MDC is inviting public comment regarding Merrill Horse Access to aid staff in developing a 10-year management plan for the area.  Interested persons or groups—including recreational users, neighboring landowners, conservation groups, elected officials and government agencies—are invited to view the proposed management plan by going to  The plan includes a link for supplying comments and input.

The plan will remain available for public comment during the month of August.  The public comment period for the Merrill Horse Access plan will close Aug. 31.

Merrill Horse Access is 74 acres of woodland and bottomland forest and provides bank and boat access to the Big River while protecting stream bank integrity. This area offers a concrete boat ramp. Merrill Horse access is located on the Big River, 5.4 river miles down-river from the Mammoth access and 5.3 river miles up-river from Brown’s Ford Access.

Conservation area management plans focus on natural resource management and public use on conservation areas. The plans do not address regulations on hunting, fishing and other area uses, which are set by the Conservation Commission and enforced under the Wildlife Code of Missouri.
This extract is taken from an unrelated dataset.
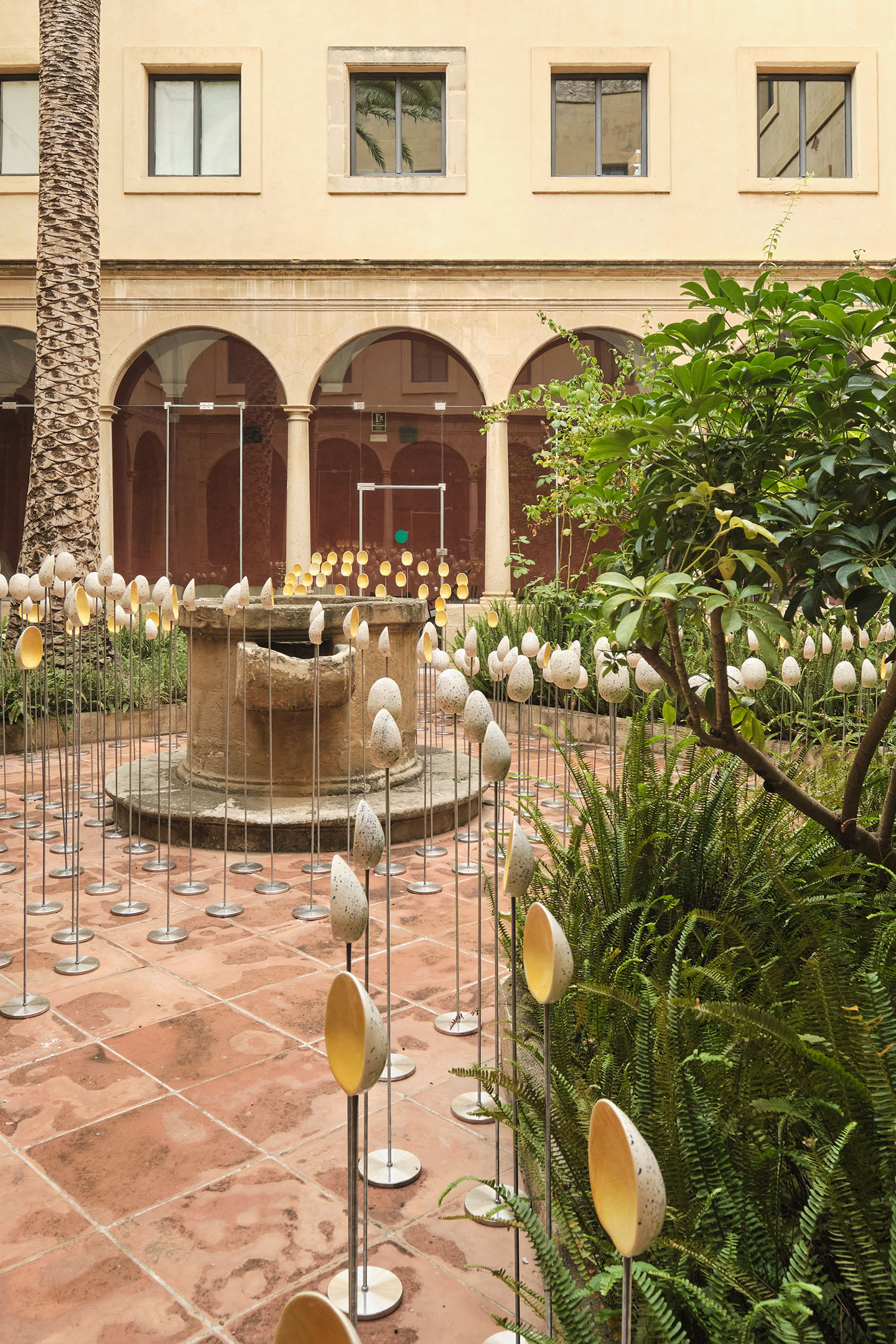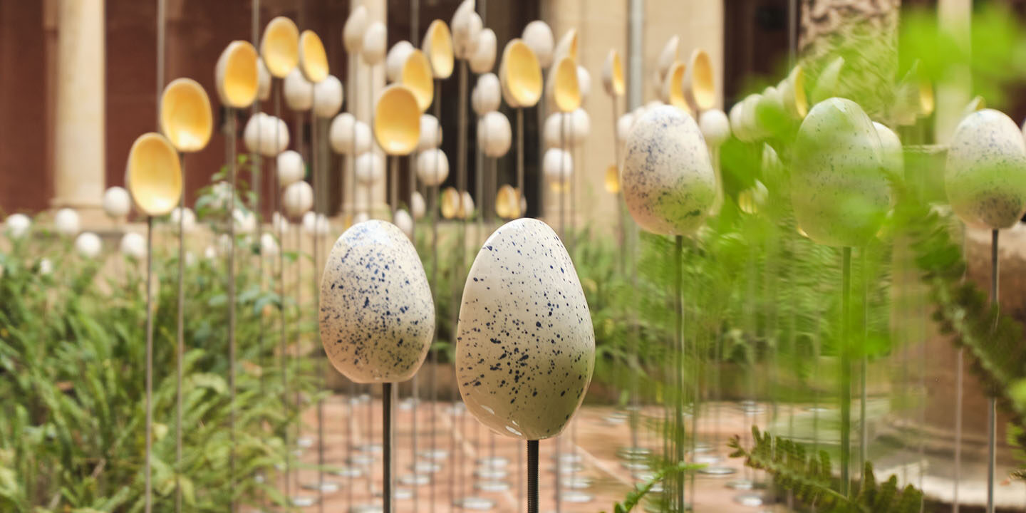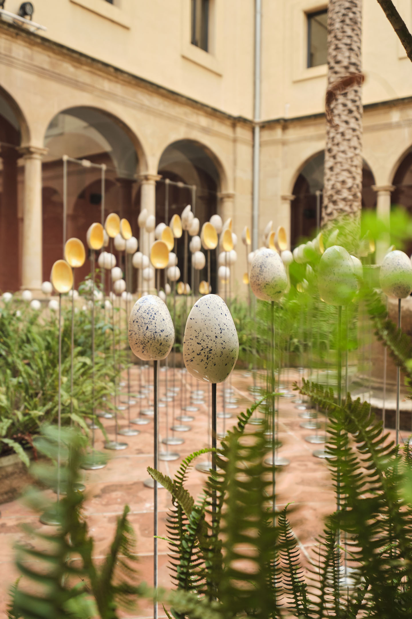 Innovation and craftsmanship go hand in hand in this installation that was created using parametric design and digital modeling techniques, then built by hand in the Seville workshop of the artist Raquel Eidem, through a delicate process using traditional techniques from the ancient Andalusian art of ceramics. The firing and enameling give the pieces their own identity that encourages you to observe them closely and appreciate the importance of art and craftsmanship.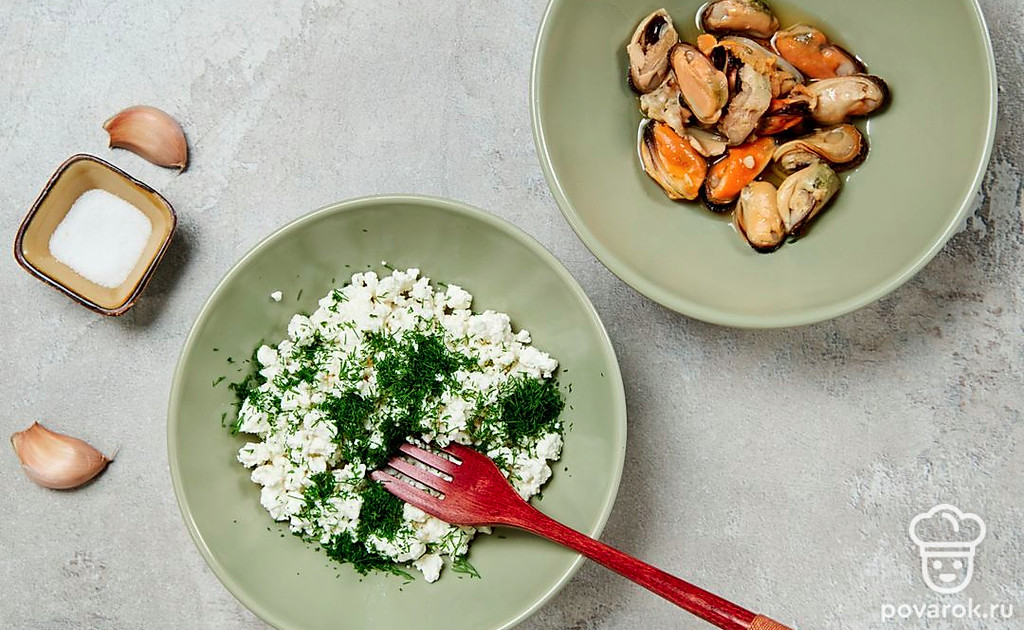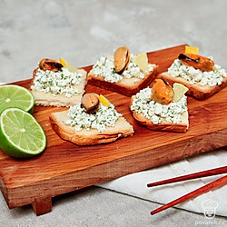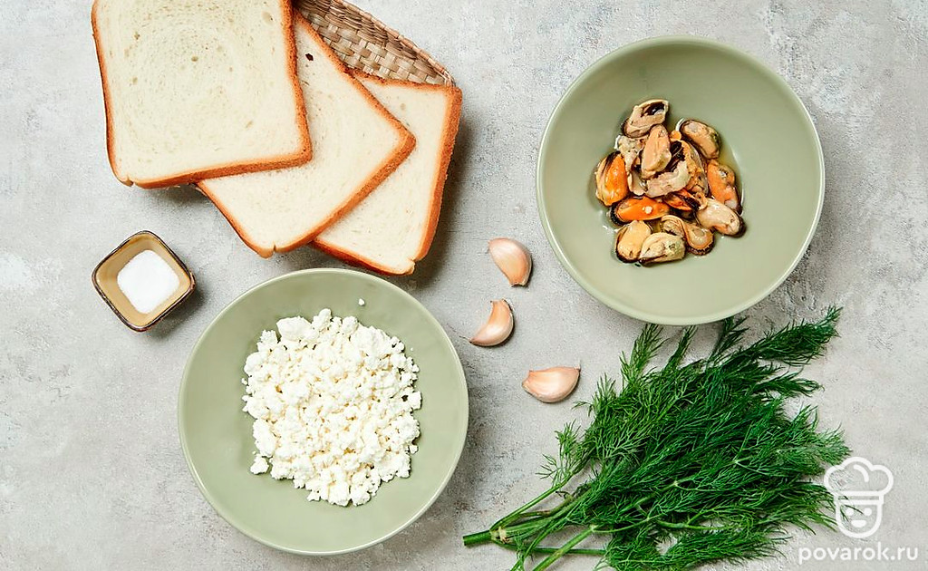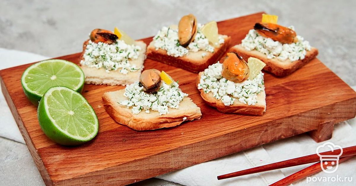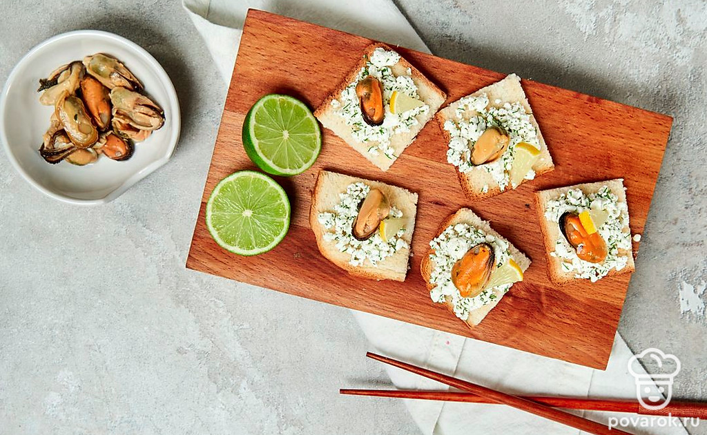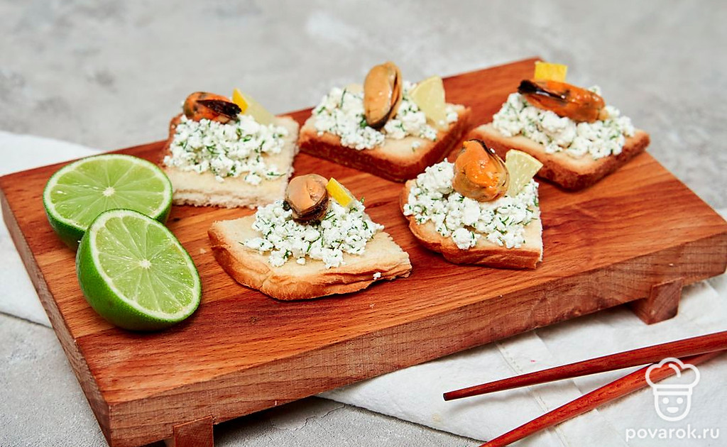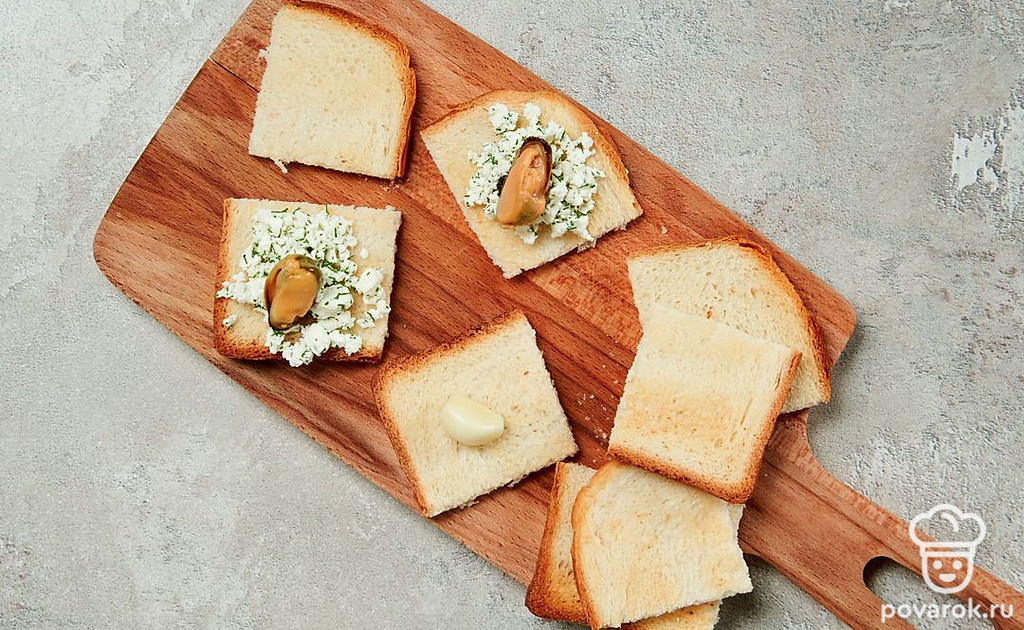 Мидии — аппетитный и ценный для здоровья морепродукт, содержащий в себе селен — один из самых важных компонентов, влияющих на защитную функцию иммунитета. Именно поэтому тост с мидиями получается очень питательным. Вкус моллюска неоднозначный — он колеблется от сладкого к соленому и в каждом блюде раскрывается по-новому. Для удобства процесса мидии возьмите маринованные в масле. Творог в бутерброде, гармонируя со жгучим чесноком, создает приятный вкусовой баланс.

MDC will consider all ideas received and will work to balance the issues and interests identified with the responsibility of managing areas for the present and future benefits to forest, fish, wildlife, and people.

Decisions on which ideas to incorporate into area plans and how to best incorporate them will be based on the property’s purpose, its physical and biological conditions and capabilities, the best roles of the property in its local, regional and state-wide context, and on the professional expertise of MDC staff.

MDC conservation areas cover almost one million public acres for the purpose of restoring and conserving forest, fish and wildlife resources, and for providing opportunities for all citizens to use, enjoy and learn about these resources. Most Missourians are within a 30-minute drive of an MDC conservation area.